CUDA is designed for scalability; kernels will expand to use all of the resources it can. So it doesn't matter how you compile the kernel; it will fill up all of the available threads unless you do something that prevents it from doing so, like launching it with 768 threads per block.
Now, GPU threads aren't like CPU cores; you aren't losing the ability to do computation if you aren't using all of the threads. A streaming multiprocessor (SM) on a device of compute capability 3.0 can manage 2048 threads simultaneously, but is only capable of executing 256 instructions per tick. There are other limits too; e.g. if you're doing 32-bit floating point addition, it can only do 192 of those per tick. Doing left shifts on 32-bit integers? Only 64 per tick.
The point of having more threads is for latency reasons -- when one thread is blocked for some reason, such as waiting to fetch a value from memory or to get the result of an arithmetic instruction, the SM will run a different thread instead.
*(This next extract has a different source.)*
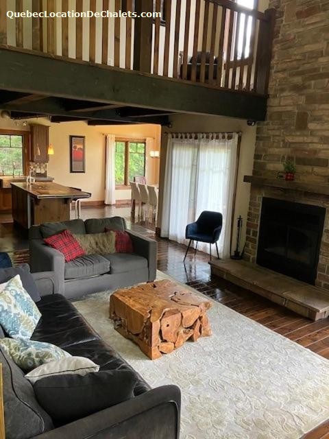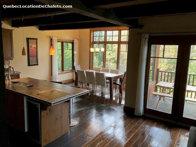 L'aménagement intérieur est idéal pour des vacances en famille et entre amis. La pièce centrale à aire ouverte comporte un salon avec magnifique foyer au bois et un téléviseur à écran plat, une cuisine bien équipée et une salle à manger fenêtrée sur une nature généreuse. Deux chambres à l'étage supérieur, une chambre au rez-de-chaussée et deux lits queen à l'étage inférieur, de même qu'une salle de bain complète sur chacun des trois niveaux permettent à tous des moments d'intimité. Tous les lits sont de format Queen. À l'étage inférieur, la salle familiale est équipée d'une table de billard et d'une grande télévision à écran plat. Cette résidence de vacances spacieuse et décorée avec beaucoup de goût, est en outre à moins de 35 km des villages de Sainte-Adèle et de Saint-Sauveur-des-Monts.

The point of using more threads is that it gives you more opportunities to hide this latency: more chances to have independent work available to do when some instructions are blocked, waiting for data.
If I have a 48kB shared memory per SM and I make a kernel where I allocate 32kB in shared memory that means that only 1 block can be running on one SM at the same time?
Yes, that is correct.
Shared memory must support the "footprint" of all "resident" threadblocks. In order for a threadblock to be launched on a SM, there must be enough shared memory to support it. If not, it will wait until the presently executing threadblock has finished.
There is some nuance to this arriving with Maxwell GPUs (cc 5.0, 5.2). These GPUs support either 64KB (cc 5.0) or 96KB (cc 5.2) of shared memory. In this case, the maximum shared memory available to a single threadblock is still limited to 48KB, but multiple threadblocks may use more than 48KB in aggregate, on a single SM. This means a cc 5.2 SM could support 2 threadblocks, even if both were using 32KB shared memory.
My kernel call fails with "out of memory". It makes significant usage of the stack frame and I was wondering if this is the reason for its failure.
When invoking nvcc with --ptxas-options=-v it print the following profile information:
150352 bytes stack frame, 0 bytes spill stores, 0 bytes spill loads
ptxas info : Used 59 registers, 40 bytes cmem[0]
Hardware: GTX480, sm20, 1.5GB device memory, 48KB shared memory/multiprocessor.
My question is where is the stack frame allocated: In shared, global memory, constant memory, ..?
I tried with 1 thread per block, as well as with 32 threads per block. Same "out of memory".
Another issue: One can only enlarge the number of threads resident to one multiprocessor if the total numbers of registers do not exceed the number of available registers at the multiprocessor (32k for my card). Does something similar apply to the stack frame size?
Stack is allocated in local memory. Allocation is per physical thread (GTX480: 15 SM * 1536 threads/SM = 23040 threads). You are requesting 150,352 bytes/thread => ~3.4 GB of stack space. CUDA may reduce the maximum physical threads per launch if the size is that high. The CUDA language is not designed to have a large per thread stack.
In terms of registers GTX480 is limited to 63 registers per thread and 32K registers per SM.
Stack frame is most likely in the local memory.
I believe there is some limitation of the local memory usage, but even without it, I think CUDA driver might allocate more local memory than just for one thread in your <<<1,1>>> launch configuration.
One way or another, even if you manage to actually run your code, I fear it may be actually quite slow because of all those stack operations. Try to reduce the number of function calls (e.g. by inlining those functions).